标签:minimal nim eth hat known events AMM 线性 lse
Problem Statement
Fox Ciel is going to walk through an unpaved road to meet her friend. The road is one-dimensional. It is separated into N parts numbered from 0 to N-1, where part 0 is Ciel‘s current part and part N-1 is her destination part.
Ciel will perform her trip tomorrow. Unfortunately today it is raining, so tomorrow some parts of the road will be muddy. You are given a int[] road containing N elements. The probability that the i-th part of the road will be muddy tomorrow is road[i]/100.
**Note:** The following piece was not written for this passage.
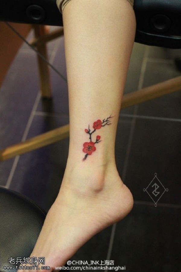 腿部点刺红色梅花纹身图案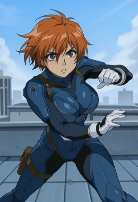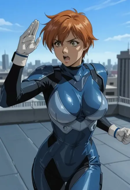 1. 전술 복장masterpiece, best quality, amazing quality, lilScram, lilScram tacticalbodysuit, 1girl, solo, blue bodysuit, wristband, white gloves, determined expression, action pose, rooftop, depth of field

Ciel can walk along the road using any combination of strides with lengths 1 and 2. If she is at part i, a stride of length 1 will move her to part i+1 and a stride of length 2 will move her to part i+2 (skipping part i+1). If there are many ways to reach part N-1 from part 0, Ciel will choose the one among them where the number of visited muddy parts is minimal.
Return the expected number of muddy parts that she will visit tomorrow.
Definition
Class: MuddyRoad
Method: getExpectedValue
Parameters: int[]
Returns: double
Method signature: double getExpectedValue(int[] road)
(be sure your method is public)
Notes
Constraints
Examples
0)
{0, 60, 60, 0}
Returns: 0.36
There can be four different states of the road tomorrow:
.... with probability = 0.16, 0 steps to muddy parts
.M.. with probability = 0.24, 0 steps to muddy parts
..M. with probability = 0.24, 0 steps to muddy parts
.MM. with probability = 0.36, 1 step to muddy parts
(Here, ‘.‘ represents a non-muddy part and ‘M‘ represents a muddy part.)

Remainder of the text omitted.